> [EXERCISE BRIEF]:
Would you retype exactly the lines below, starting with the one that has "Foto granit (płyta" and going on through the one that has "At Punta Cormorant, a", with no pictures and nothing else?

> [SUPPLIED DATA]:
Start of Block
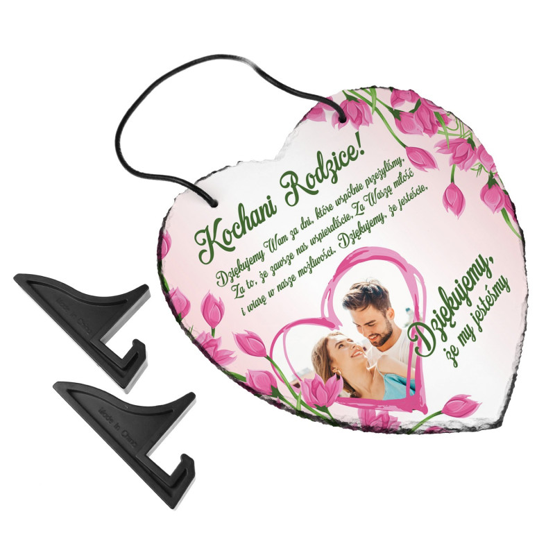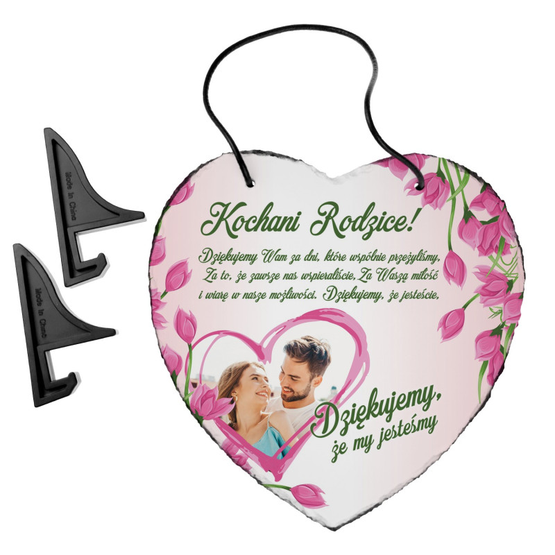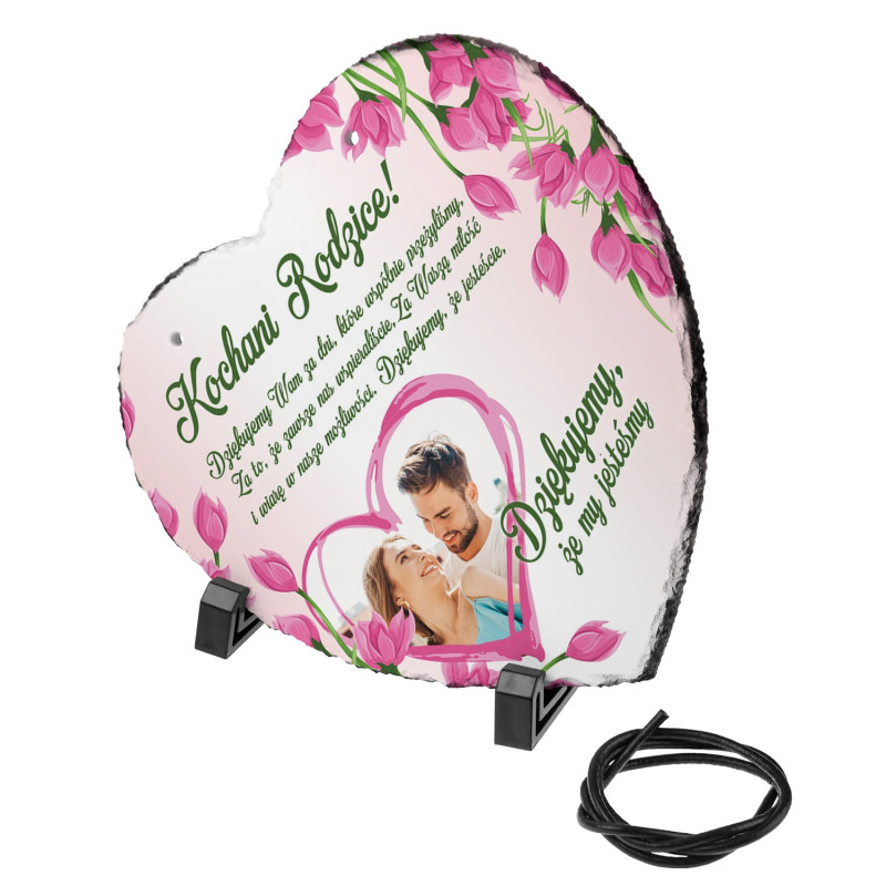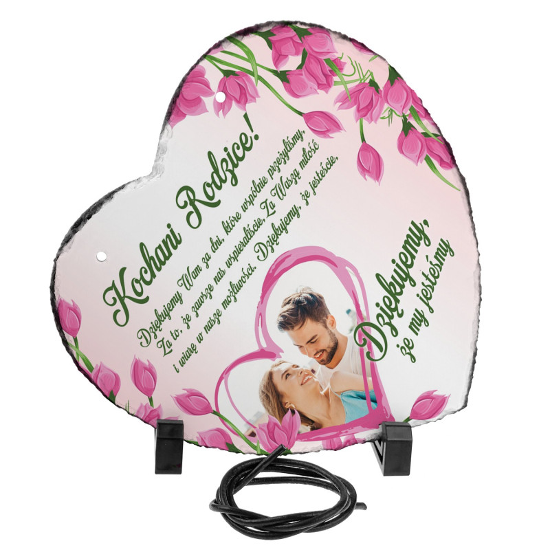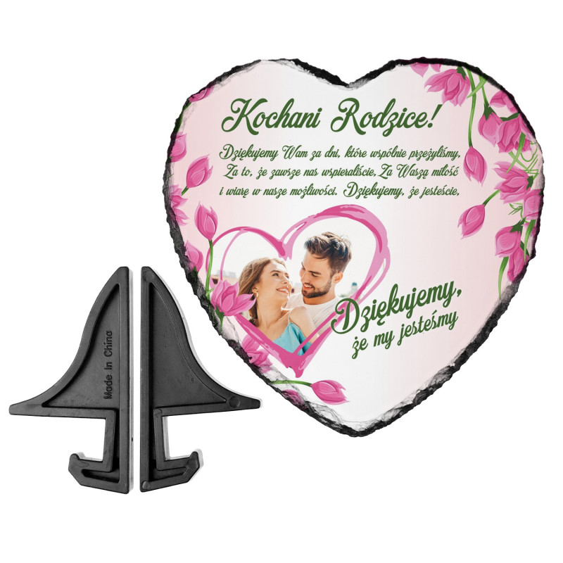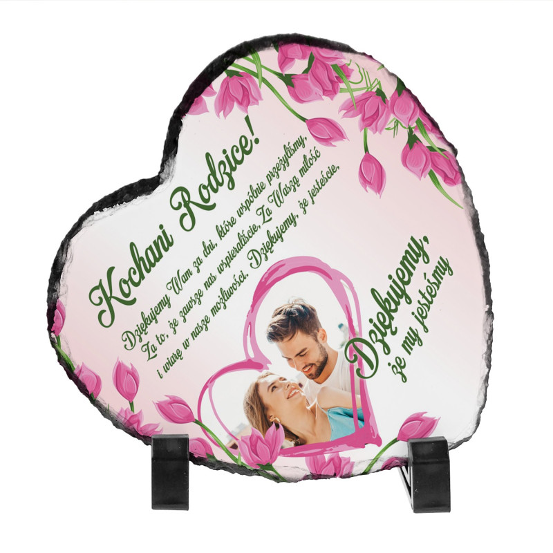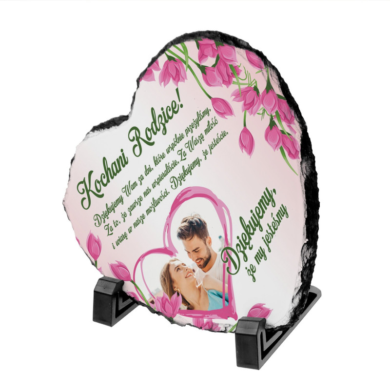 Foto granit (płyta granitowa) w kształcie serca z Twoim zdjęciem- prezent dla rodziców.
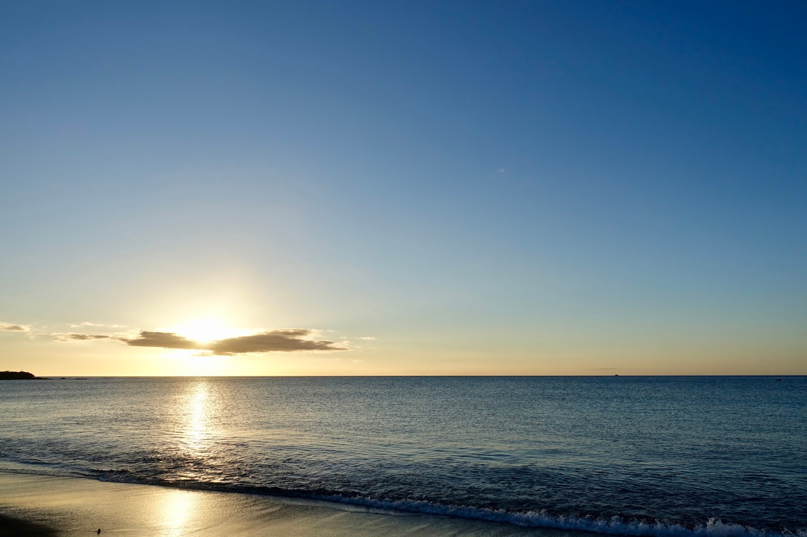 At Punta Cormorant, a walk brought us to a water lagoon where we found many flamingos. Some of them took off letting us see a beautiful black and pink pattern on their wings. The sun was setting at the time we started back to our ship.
End of Block
Start of Block
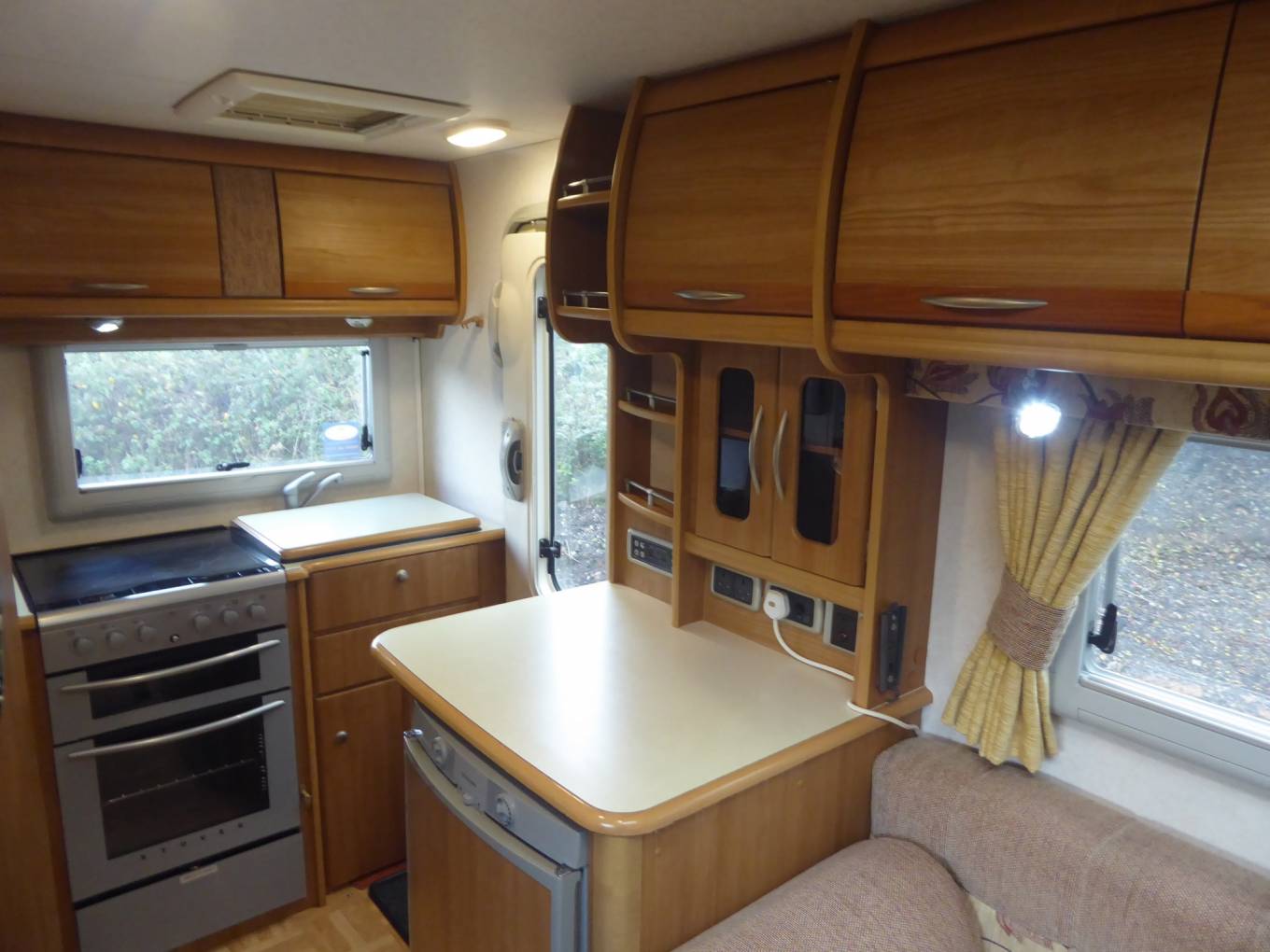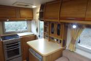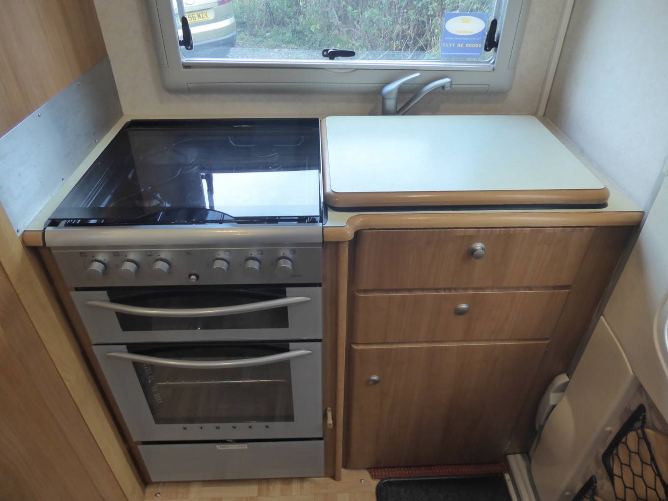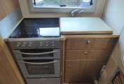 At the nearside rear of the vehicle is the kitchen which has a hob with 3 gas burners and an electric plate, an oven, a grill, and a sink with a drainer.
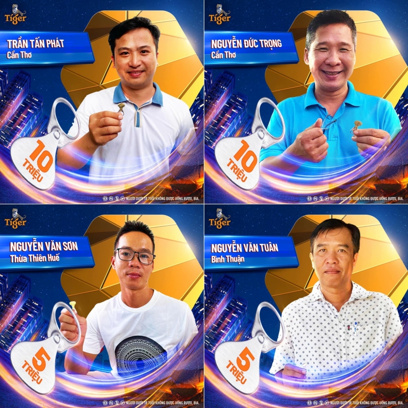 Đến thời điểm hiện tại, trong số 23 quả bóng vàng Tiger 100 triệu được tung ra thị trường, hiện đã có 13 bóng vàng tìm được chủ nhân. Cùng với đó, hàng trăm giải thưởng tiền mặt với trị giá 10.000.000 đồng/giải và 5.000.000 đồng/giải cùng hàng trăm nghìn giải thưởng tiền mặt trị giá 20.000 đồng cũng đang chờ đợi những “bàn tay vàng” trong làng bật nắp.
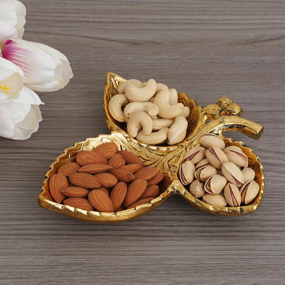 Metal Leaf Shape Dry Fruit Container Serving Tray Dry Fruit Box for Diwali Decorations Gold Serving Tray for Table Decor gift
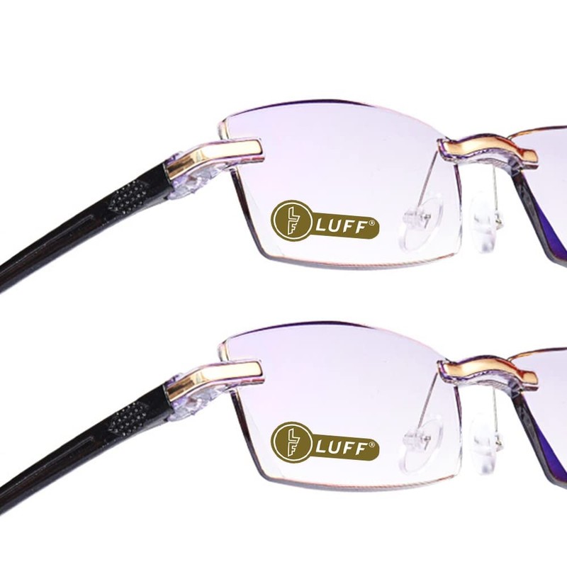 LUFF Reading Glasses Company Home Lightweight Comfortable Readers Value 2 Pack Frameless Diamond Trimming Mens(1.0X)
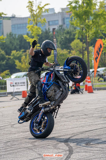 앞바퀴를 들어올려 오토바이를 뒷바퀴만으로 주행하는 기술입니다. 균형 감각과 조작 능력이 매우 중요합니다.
End of Block
> [ANSWER BELOW]:
 Foto granit (płyta granitowa) w kształcie serca z Twoim zdjęciem- prezent dla rodziców.
 At Punta Cormorant, a walk brought us to a water lagoon where we found many flamingos. Some of them took off letting us see a beautiful black and pink pattern on their wings. The sun was setting at the time we started back to our ship.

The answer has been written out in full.